Twelve summary points on "free trade" with Colombia
May 10, 2011
The proposed "free trade" agreement with Colombia is a clone of NAFTA. This agreement would have a terrible impact on the average Colombian and the average American.
We ask that you contact your congressional representative asap via letter, fax or phone to ask her/him to oppose this FTA. Below are some summary points which reveal why this treaty would be a disaster for the people in both countries:
1) The FTA with Colombia will severely damage Colombia's agriculture as NAFTA did in Mexico, and impair Colombia's ability to feed its own people much as happened after a free trade agreement was signed with Haiti.
2) The FTA will lead to expansion of mining operations in sensitive environments, of timber exploitation which will rip up the Amazon, causing severe ecological damage to the tropical forests and virgin lands of Colombia.
3) The main U.S. beneficiaries of the FTA would be big agricultural companies which would be permitted to dump cheap, subsidized food stuffs into Colombia duty-free. This would result in farmers' impoverishment and land loss because small growers would not be able to compete with the low-cost American produce.
4) Colombia has the largest displaced population in the world. The FTA would only make matters worse and increase migration of displaced peasants to urban centers.
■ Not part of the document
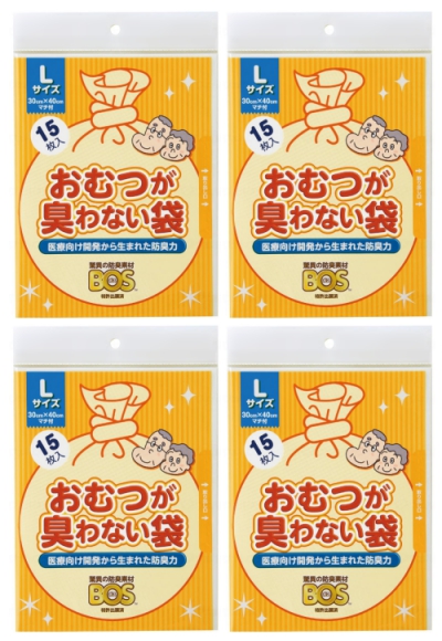 おむつが臭わない袋BOS 大人用 袋型 Lサイズ 15枚入 4袋セット クリロン化成 使い捨て メール便発送対象品 袋に入れて結ぶだけ!そのままポイ!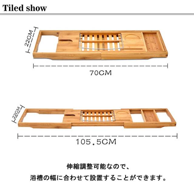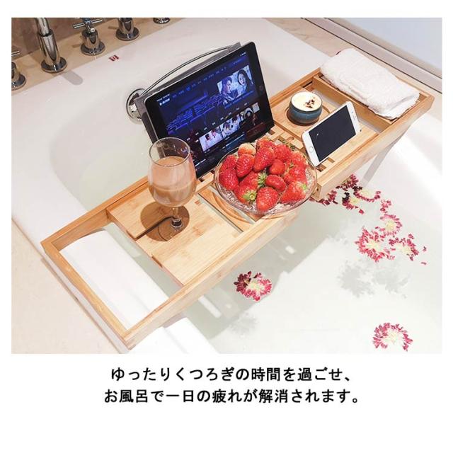 | ご自宅のお風呂に丁度いい!シンプル&機能的なバスタブトレーです。 伸縮調整可能なので、浴槽の幅に合わせて設置することができます。 入浴時に、スマホ、Ipad、本、ワイングラス、タオル、化粧水などが置く場を提供します。 耐久性高い天然の竹素材を使用して作られた、清潔感と上品さが備わっています。 ゆったりくつろぎの時間を過ごせ、お風呂で一日の疲れが解消されます。 | |

5) In Haiti and Mexico, domestic food production was wiped out by similar free trade agreements. It's likely that Colombia would follow the path of Mexico, where, as the ability to grow legitimate crops became economically impossible, farmers turned more and more to producing illicit drugs. Colombia already produces as much as 80 percent of the world's cocaine
6) This is what former President Bill Clinton said at a Senate hearing in 2010 regarding the impact in Haiti of the free trade policies that became a hallmark of his presidency. "It may have been good for some of my farmers in Arkansas, but it has not worked. It was a mistake," Clinton said. "I had to live everyday with the consequences of the loss of capacity to produce a rice crop in Haiti to feed those people because of what I did; nobody else."
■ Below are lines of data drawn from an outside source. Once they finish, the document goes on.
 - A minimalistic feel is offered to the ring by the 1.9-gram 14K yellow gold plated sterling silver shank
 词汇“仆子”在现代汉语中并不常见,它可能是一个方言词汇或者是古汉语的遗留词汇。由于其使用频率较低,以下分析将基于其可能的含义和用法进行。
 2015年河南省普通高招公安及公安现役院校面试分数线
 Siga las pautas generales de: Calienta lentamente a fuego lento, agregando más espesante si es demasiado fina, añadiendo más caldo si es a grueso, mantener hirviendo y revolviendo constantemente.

7) Colombia remains the most deadly nation in the world in which to be a member of a labor union. In the past 25 years, more than 2,850 labor activists have been murdered in Colombia. Last year alone, 51 were murdered, an *increase* over 2009. Six trade unionists have been murdered so far this year, including two in the past 2 weeks.
8) The daily experiences of Colombian workers from across the country are characterized by the degradation of working and living conditions, the anti-union practices and legislation that prevail in Colombia, the violence against union members, human rights defenders and union leaders.
9) The conviction rate for union murders and other violence is in the single digits, and even where prosecutions have occurred, many perpetrators have been charged in absentia and are still on the loose.
10) Much of the violence has also been directed at indigenous and Afro-Colombian communities. In the last several years paramilitary vigilantes have murdered, threatened, internally displaced, forcibly disappeared and continue to extort numerous residents of the Afro-Colombian and indigenous ancestral lands.
11) American workers are hard-hit by unemployment and decreasing wage levels. As a result of this treaty American workers would be under pressure to accept even lower wages. They would be exposed to competition with a labor market that is notorious for its extensive labor and human rights violations.
12) This situation will not change because of unverifiable promises for change made by the Colombian government. For U.S. workers struggling for a living wage, the FTA with Colombia would be a setback in that struggle.